L'Europa a guida tedesca viceversa, accusata due giorni fa dal ministro della Salute di Berlino di aver fatto letteralmente «un lavoro di m...» sulla pandemia, non sembra mettersi in discussione. Anzi, tira dritto facendo seguire disastro a errore, ciascuno resta inchiodato al proprio posto. E Monti? Si lamenta ma non incide. Dice che la Ue fa pena. Se lo sostiene lui, che si ritiene una delle stelline sulla bandiera dell'Unione, c'è da credergli; ma, se l'istituzione ha iniziato a disgustare perfino lui, che ne è una colonna, con uno sforzo d'empatia il professore provi a figurarsi quanto può stare sul gozzo a chi non ci ha gozzovigliato dentro.

 

 

 

È per una decisione politica sbagliata della Ue, e in particolare della Merkel, tramortita dalle sconfitte elettorali in patria e spaventata dai no-vax autoctoni, se quasi tutti i Paesi dell'Unione, ignorando le rassicurazione dell'Agenzia Europea del Farmaco (Ema), hanno sospeso per tre giorni la vaccinazione con Astrazeneca contro il parere dei medici, per una volta tutti d'accordo. Da domani, probabilmente, gli Stati torneranno ad ascoltare gli scienziati, ma si ignora se lo faranno anche i cittadini, terrorizzati in merito alla profilassi dai loro leader, che dopo aver liberato i buoi ora si affrettano a chiudere il cancello. Il problema però non è tanto dei tedeschi, che l'hanno innescato ma possono rinunciare ad Astrazeneca in quanto hanno stretto contratti bilaterali e privilegiati con i produttori americani, bensì nostro e della nostra classe politica, che si affida ciecamente alla Ue pur consapevole che essa è fallace e partigiana. E lo fa oggi come lo faceva ieri. Per seguire la Germania e il suo diktat per l'austerità, Monti trasformò la crisi economica nell'anticamera di un fallimento, sventato solo da Draghi, che da presidente della Banca Centrale Europea fermò la speculazione selvaggia sul nostro Paese.

 

 

 

Stavolta, basato non più a Francoforte bensì a Roma, il nostro premier non ha avuto la forza di dire "nein" e continuare a vaccinare. La avesse trovata, sarebbe tornato la guida morale di tutto il Continente. Evidentemente non conta solo l'uomo, ma anche la carica e il luogo: Palazzo Chigi è provincia del Reichstag, la Bce ne era il cuore.

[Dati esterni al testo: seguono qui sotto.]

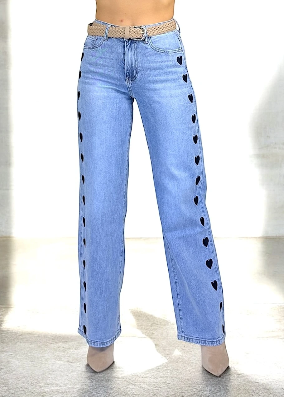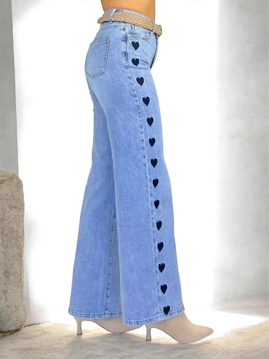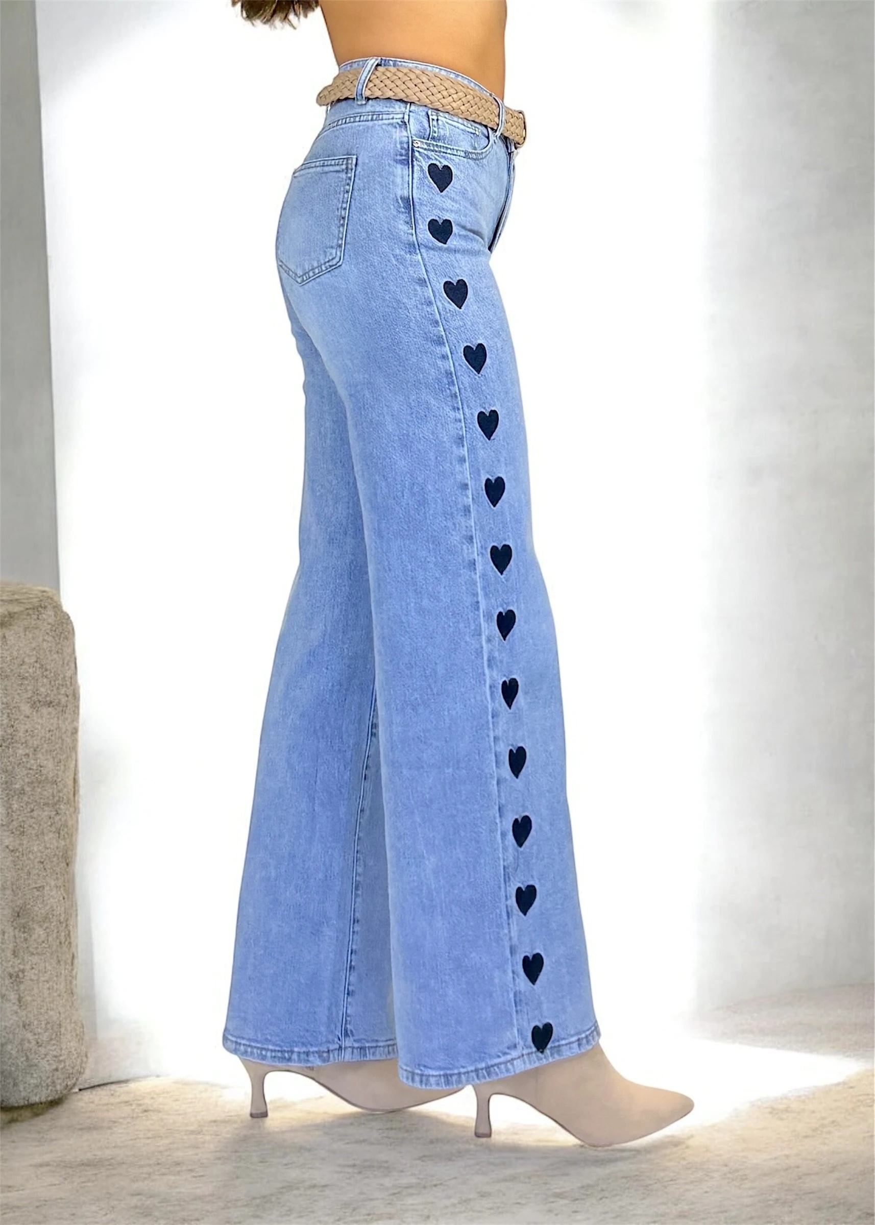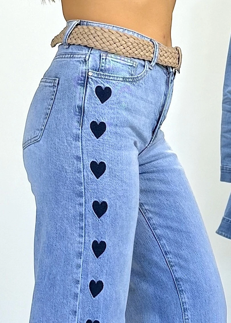 Pantalón vaquero de tiro alto, con corazones bordados en los laterales. Ligeramente elástico y lavado claro.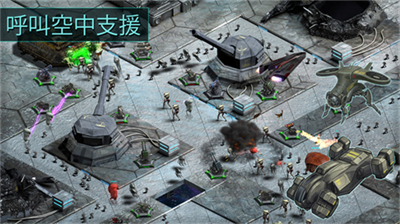 1. 资源管理系统:通过击退敌人获取科技点数,需在塔楼升级、空中支援和新单位研发间做出抉择。有限的资源分配极大考验玩家的预判能力。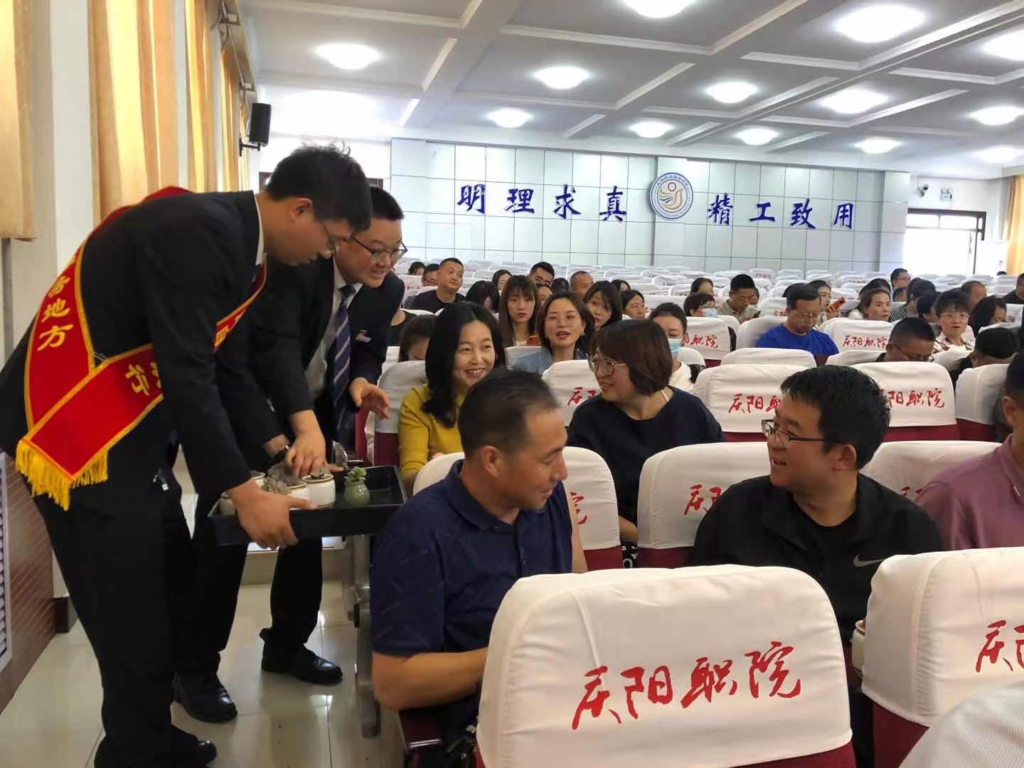 学院党委委员、副院长白旭宁代表学院讲话,他向甘肃银行庆阳分行营业部长期以来对学院的关心和支持表示感谢!向安玉龙老师的精彩讲座表示感谢!他强调了礼仪对教师的重要性,向全体教师提出两点希望:一是希望全体老师充分认识教师职业的特殊重要性,按照习近平总书记关于新时代“四有”好老师的要求,塑造良好的职业形象,展示自己的人格魅力,维护教师的职业尊严,严格遵守教师礼仪,内强素质,外树形象,做知书达礼的教师,育崇文尚武的学生;二是希望全体老师进一步增强搞好职教工作的信心,坚守立德树人的初心,加强专业知识学习和技能培养,强化责任担当,善待同事,热爱学生,在平凡的教师岗位上取得不平凡的业绩。白旭宁代表学院向全体老师的辛勤工作、无私奉献表示感谢!衷心祝愿各位同仁节日快乐,工作顺利,事业成功,家庭幸福!祝愿各位老师桃李遍天下,春晖遍四方!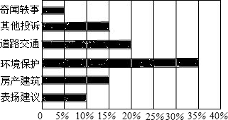 如图,是某晚报“百姓热线”一周内接到的热线电话的统计图,其中有关环境保护问题最多,共有70个,则有关道路交通问题的电话有________个.

La speranza è che SuperMario, smettendo di parlare inglese a favore dell'italiano, non si trasformi subito in Mario, o Marietto. Lui, che conosce bene l'Europa, sa che anche lì ci sono fior di incompetenti e fessi, ma anche un sacco di figli di buona donna che pensano ai fatti loro e dei loro Paesi prima che al bene dell'Unione. Quelle aziende con le quali la signora Von der Leyen non ha saputo contrattare, e che ora tratta con i guanti, sono i colossi americani con cui la Germania ha un rapporto privilegiato, tanto che la Merkel ha impedito alla Ue di comprare la tedesca Biontech, detentrice del brevetto sul vaccino, favorendone l'acquisto da parte di Pfizer. Astrazeneca invece è inglese, e la Gran Bretagna ha la grande colpa di aver mollato la Ue tedesca, dimostrando al mondo che è possibile farlo e, talvolta, dopo si sta anche meglio.

E allora non stupisce che Berlino non si sia fatta scrupolo di obbligare tutta Europa a fermare la profilassi con il prodotto britannico, anche senza prove valide contro di essa, e neppure che ieri Von der Leyen abbia attaccato solo la multinazionale londinese per ritardi nelle consegne dei vaccini alla Ue che riguardano tutti i produttori.